Leave out the pictures, and write out exactly the lines from the beginning of the material to the line holding "フジがスタジオ撮影用に本気で", that line included, and nothing else.

• **DATASET SECTION**
"""
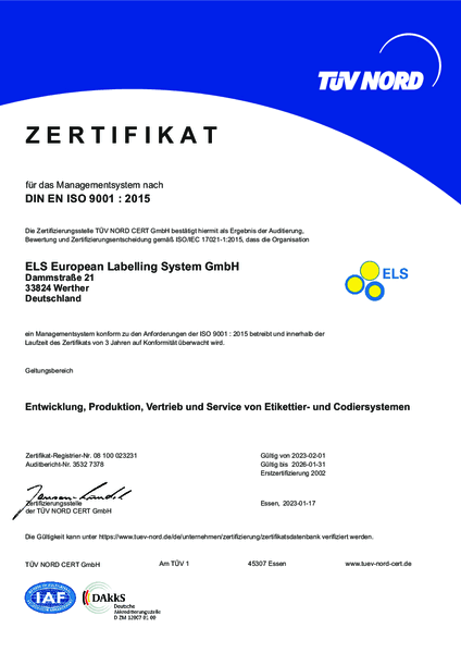 ELS European Labelling System GmbH zählt seit 1998 zu den führenden Herstellern von Etikettier- und Kennzeichnungssystemen für die Codierung und Aufbringung von Haftetiketten. Systeme von ELS erfüllen höchste Anforderungen an Qualität, Sicherheit, Präzision und Wirtschaftlichkeit. Sie werden zuverlässig in der Lebensmittel-, Medien-, Kosmetik- und Pharmaindustrie eingesetzt – auch in sensiblen Hygienezonen.
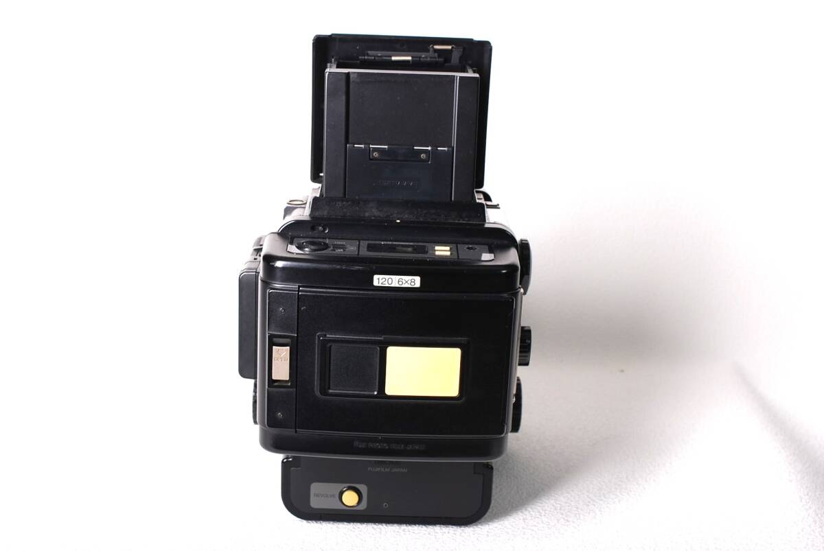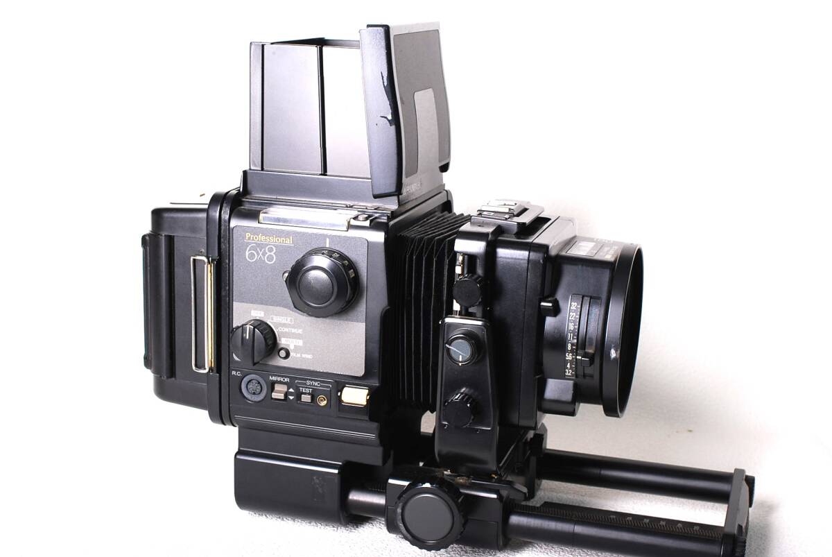 フジがスタジオ撮影用に本気で作ったカメラ、使いやすさと多数のレンズ構成が特徴です。特にこの紅葉時期シャープで色乗りの良いレンズをフィールドに持ち出して使いたいですね。電池は単三電池、各部順調に作動しています。ボデイは小傷が全体にあります、特にファインダー上部ニ大き目な引っかきキズが有ります。
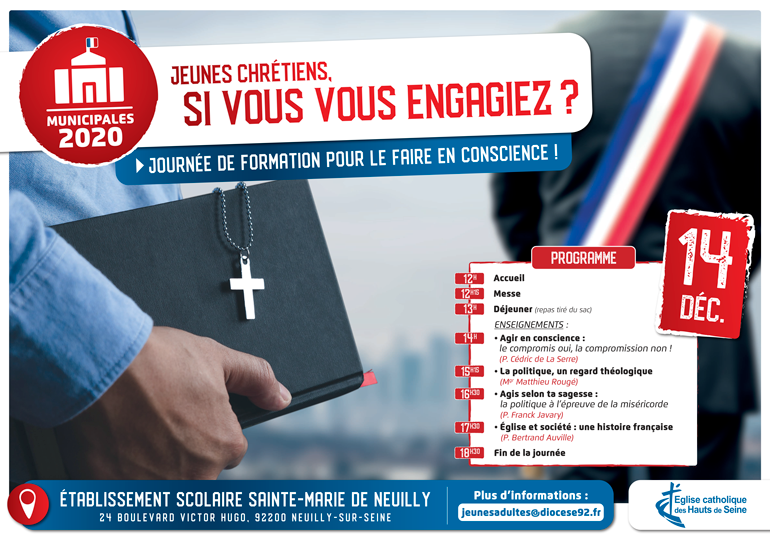 Les élections municipales approchent. Et les chrétiens, tout comme n’importe quel citoyen français, sont appelés aux urnes. Voter c’est bien, mais s’engager c’est mieux. C’est ce que le diocèse de Nanterre appelle à faire, à l’occasion d’une journée de formation intitulée "Jeunes chrétiens, si vous vous engagiez ?". Une journée de formation qui se tiendra le 14 décembre prochain dans l’établissement scolaire Sainte-Marie-de-Neuilly.
"""
• **TASK RESULT**
 ELS European Labelling System GmbH zählt seit 1998 zu den führenden Herstellern von Etikettier- und Kennzeichnungssystemen für die Codierung und Aufbringung von Haftetiketten. Systeme von ELS erfüllen höchste Anforderungen an Qualität, Sicherheit, Präzision und Wirtschaftlichkeit. Sie werden zuverlässig in der Lebensmittel-, Medien-, Kosmetik- und Pharmaindustrie eingesetzt – auch in sensiblen Hygienezonen.
 フジがスタジオ撮影用に本気で作ったカメラ、使いやすさと多数のレンズ構成が特徴です。特にこの紅葉時期シャープで色乗りの良いレンズをフィールドに持ち出して使いたいですね。電池は単三電池、各部順調に作動しています。ボデイは小傷が全体にあります、特にファインダー上部ニ大き目な引っかきキズが有ります。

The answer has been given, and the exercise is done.